4. DealForma Database. June 2019. Reported by David H. Crean on 27.06.2019. Source: https://pharmaboardroom.com/.
5. Kymriah. FDA Prescribing Information. FDA’s website: https://www.fda.gov.
6. Cavallo J. Weighing the Cost and Value of CAR T-Cell Therapy. A Roundtable Discussion With Carl H. June, MD; Sagar Lonial, MD; David G. Maloney, MD, PhD; and Pascal Touchon. ASCO Post. May 25, 2018. Website: https://www.ascopost.com/.
7. Yescarta. FDA Prescribing Information. FDA’s website: https://www.fda.gov.
8. Gilead’s press release on August 28, 2017. Gilead’s website: https://www.gilead.com/.
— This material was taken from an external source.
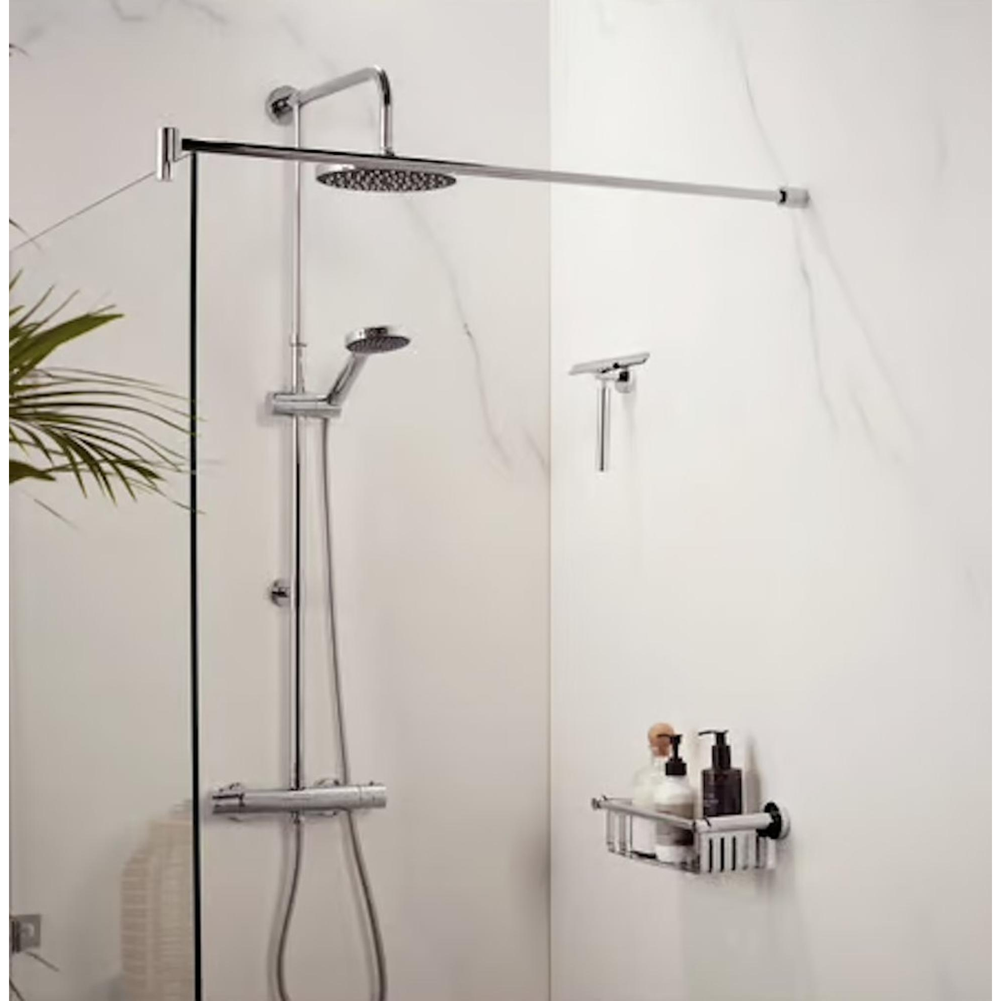 Avec le Haceka Kosmos Panier de douche - 35x13x10cm - chrome, vous gardez shampoings, gels douche et produits de soin à portée de main, sans flacons qui traînent au sol ou sur le bord du receveur de douche. Ses dimensions généreuses de 35x13x10 cm offrent suffisamment de place pour plusieurs bouteilles et accessoires, ce qui est idéal dans une salle de bains utilisée par toute la famille. La structure ouverte du panier de douche assure une bonne évacuation de l’eau, évitant la stagnation et facilitant le nettoyage des parois et des carreaux de douche. Vous profitez ainsi d’un espace de douche hygiénique, sûr et parfaitement organisé.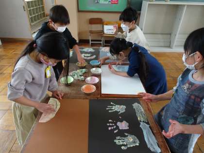 この絵の具はとろっとしているので,立体的にしてみたり,手のひら全部につけてダイナミックに描いたり,指を使ってぐっと伸ばしてみたり,手のいろいろなところを使って仕上げていました。

9. Lin JK, Muffly LS, Spinner MA, et al. Cost Effectiveness of Chimeric Antigen Receptor T-Cell Therapy in Multiply Relapsed or Refractory Adult Large B-Cell Lymphoma. J Clin Oncol. 2019; 37(24):2105-2119.
10. FDA Statement on data accuracy issues with recently approved gene therapy. August 6, 2019. FDA website: https://www.fda.gov.
11. David Cyranoski. Russian biologist plans more CRISPR-edited babies. Nature 570, 145-146 (2019).
12. Nuffield Council on Bioethics (2018) Genome Editing and Human Reproduction: social and ethical issues (London: Nuffield Council on Bioethics), 183 pages.